**About this exercise**
No pictures go in the copy; retype exactly the lines from the one with "Human footprints in" through the last line of the records.

**Excerpts from a dataset**
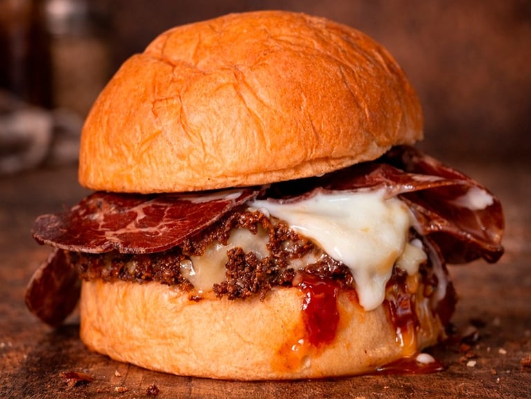 Cecina de Wagyu con una selección de dos quesos Ahumados por nosotros dan como resultado nuestra deliciosa Burger del Mes
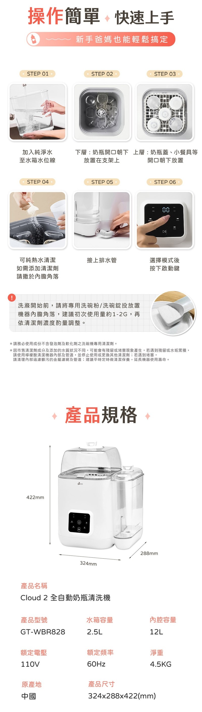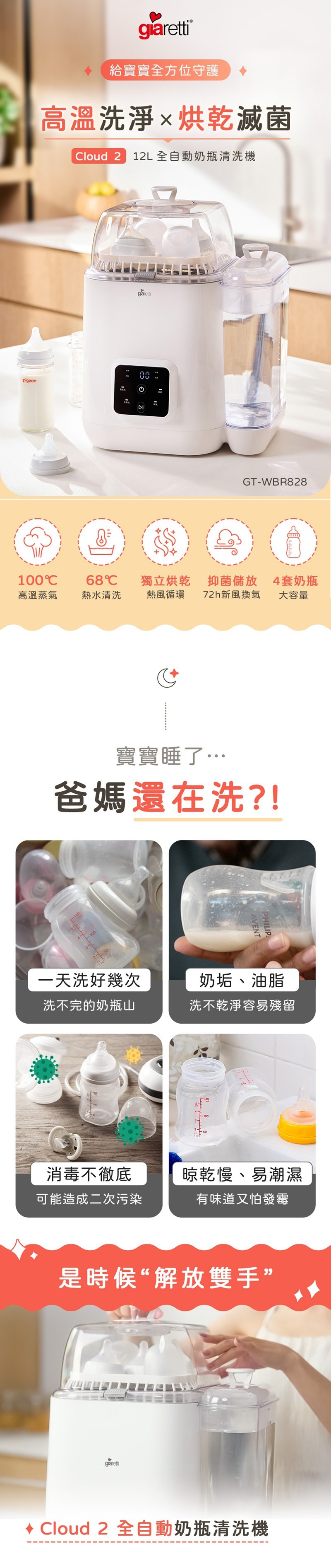 【義大利Giaretti珈樂堤】(二代)CLOUD-2 全自動奶瓶清洗機(GT-WBR828)
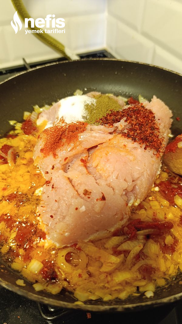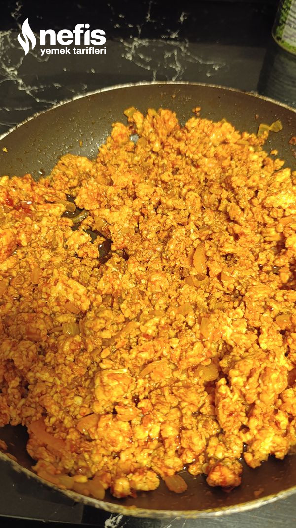 2. Üzerine tavuk kıyması mı baharatları ve tuzu da ekleyerek pişiriyoruz.
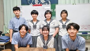 中高合同の生徒会室で。生徒会は立候補制。立会演説会にはそれぞれが公約を掲げて臨むそう。(前列左から)I・Uさん(副会長/中2)、I・Aさん(生徒会長/中3)、N・Yさん(副会長/中3)、(後列左から)T・Hさん(書記/中2)、K・Aさん(会計/中3)、M・Yさん(議長/中3)、S・Sさん(書記/中3)。
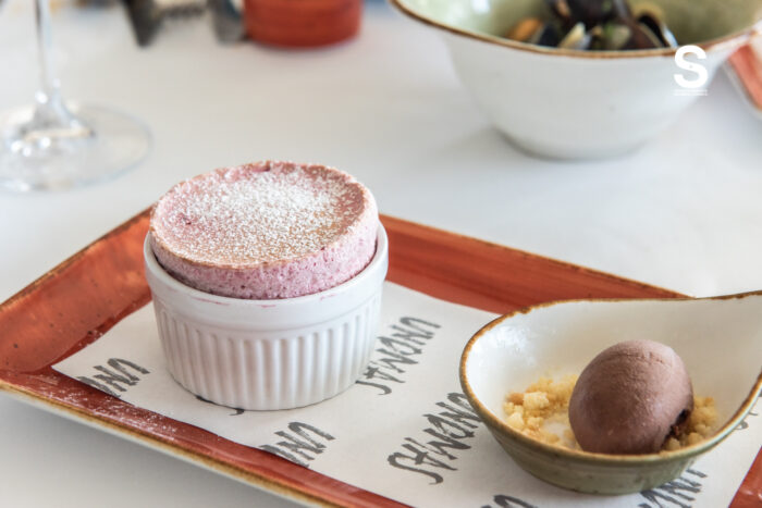 Soft Catalan Cream with Caramel Ice Cream คาตาลันครีมเนื้อนุ่ม กลิ่นวานิลลาและซิตรัสอ่อน ๆ เสิร์ฟคู่ไอศกรีมคาราเมลที่ช่วยเพิ่มความเย็นและความหวาน Raspberry Soufflé with Chocolate Ice Cream ซูเฟล่ราสป์เบอร์รีเนื้อเบา ฟู และมีความเปรี้ยวสดใส เสิร์ฟคู่ไอศกรีมช็อกโกแลตที่ช่วยเพิ่มความเข้ม
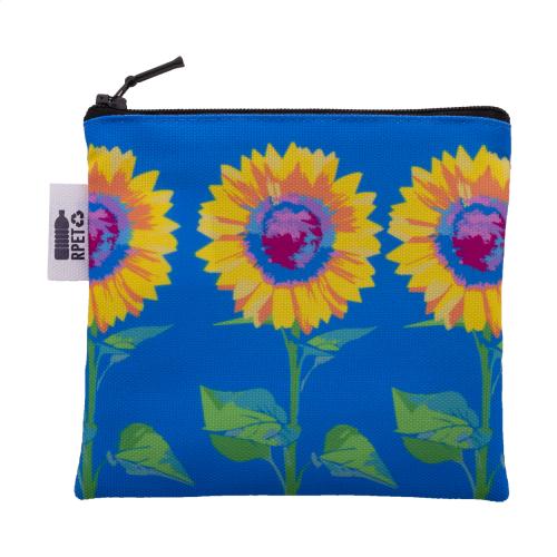 Custom made, zipped cosmetic bag in 600D RPET polyester. With all-over sublimation printed graphics. MOQ: 50 pcs.
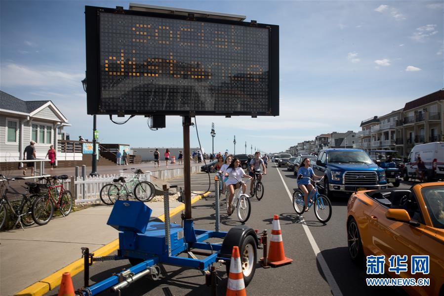 5月16日,在美国新泽西州贝尔马海滩附近,人们骑车经过一处提示保持社交距离的电子屏。 新华社发(郭克摄)
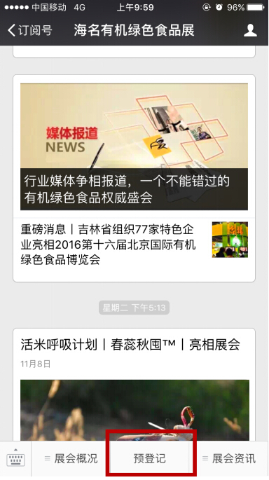 B、关注微信haiminguj(海名有机绿色食品展),点击菜单栏
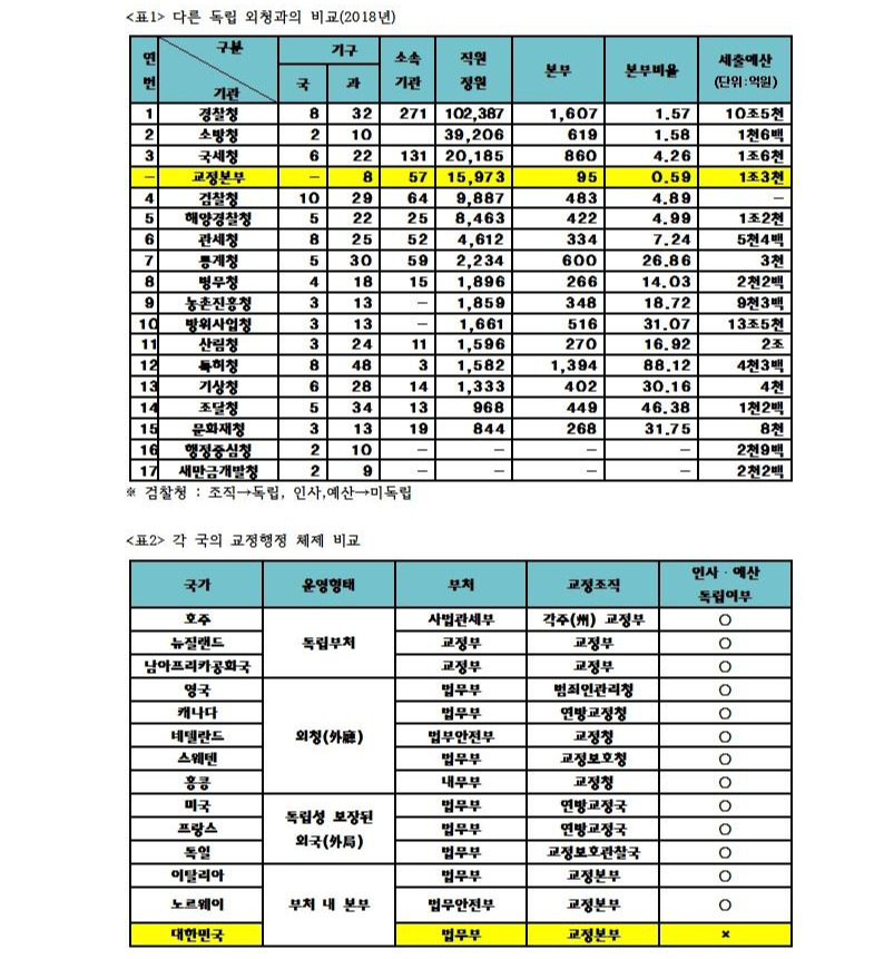 정부 전체 17개 청 단위 조직과 비교 및 외국의 교정행정제도와 비교를 해보면 이런 독립 외청 주장이 결코 무리한 것이 아니라는 것을 확인할 수 있고, 혹여 일반인이 보기에는 염불보다는 잿밥에 관심 있는 부처 이기주의 수준이 아니냐는 의심도 어느 정도 해소할 수도 있을 것 같습니다.
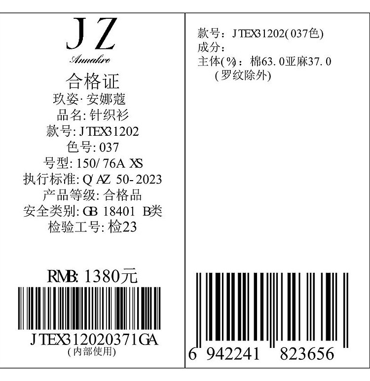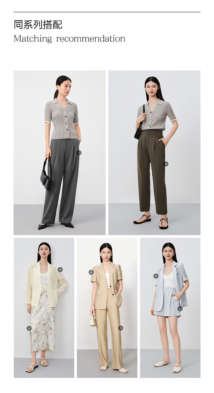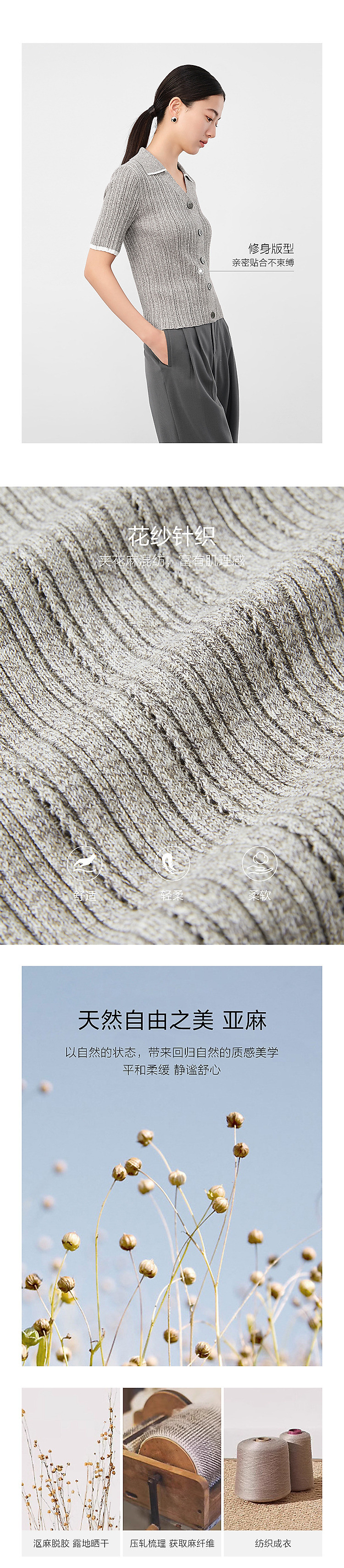 商品名称:旗下安娜蔻系列通勤风clean fit亚麻镂空翻领撞色针织衫夏季 977932
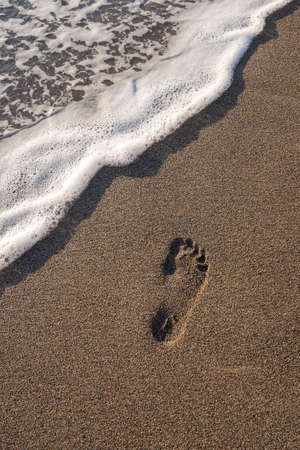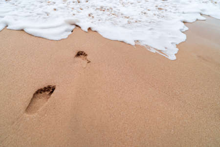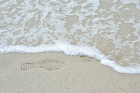 Human footprints in the sand by the sea and sea foam
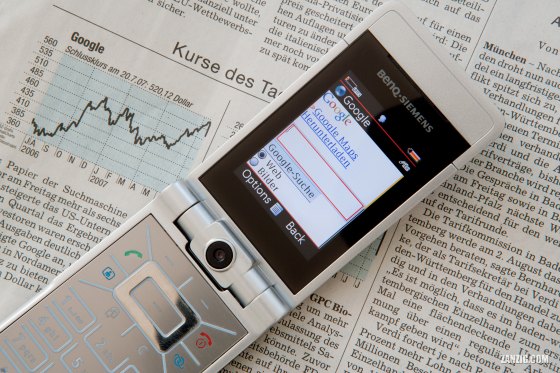 JULY 2006 – A BenQ Siemens EF81 mobile phone shows a Google search page in front of a newspaper showing … More
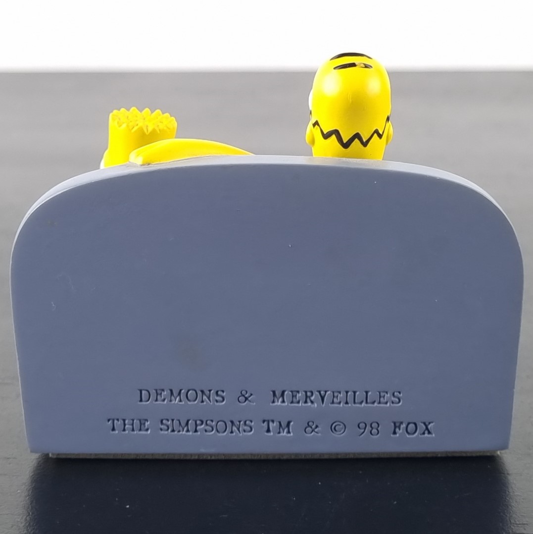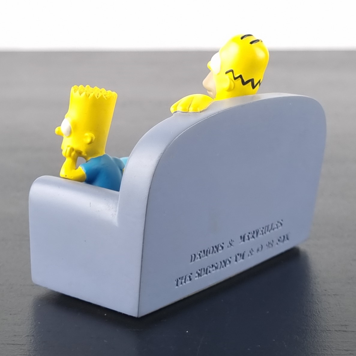 Vintage Bart and Homer on the couch figurine. Demons and Merveilles produced this collectible Simpsons figurine in license of Fox. It is made from high quality resin. This vintage collectible was produced in the year 1990. This Bart and Homer Simpson figurine is in excellent condition.
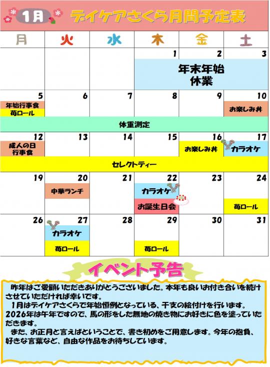 R8年1月 月間予定表・給食室便り
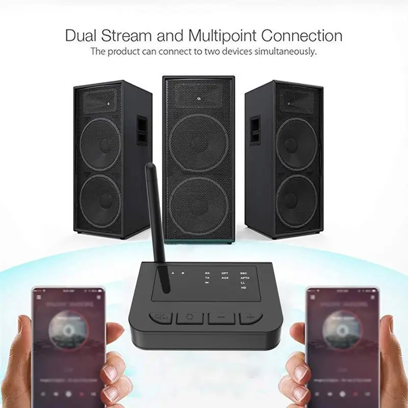 80 м Дальний диапазон Bluetooth 5,0 передатчик приемник низкая задержка aptX HD Spdif RCA Jack AUX 3,5 мм беспроводной аудио адаптер ТВ PC автомобиль
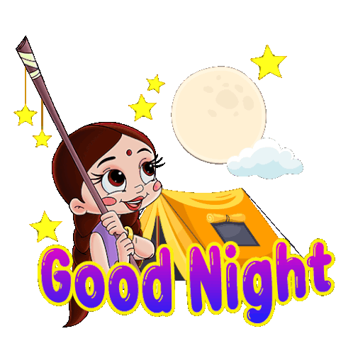 Chutki from Chhota Bheem wishes you a good night, camping under the moon and stars with her tent.

**Exercise response**
 Human footprints in the sand by the sea and sea foam
 JULY 2006 – A BenQ Siemens EF81 mobile phone shows a Google search page in front of a newspaper showing … More
 Vintage Bart and Homer on the couch figurine. Demons and Merveilles produced this collectible Simpsons figurine in license of Fox. It is made from high quality resin. This vintage collectible was produced in the year 1990. This Bart and Homer Simpson figurine is in excellent condition.
 R8年1月 月間予定表・給食室便り
 80 м Дальний диапазон Bluetooth 5,0 передатчик приемник низкая задержка aptX HD Spdif RCA Jack AUX 3,5 мм беспроводной аудио адаптер ТВ PC автомобиль
 Chutki from Chhota Bheem wishes you a good night, camping under the moon and stars with her tent.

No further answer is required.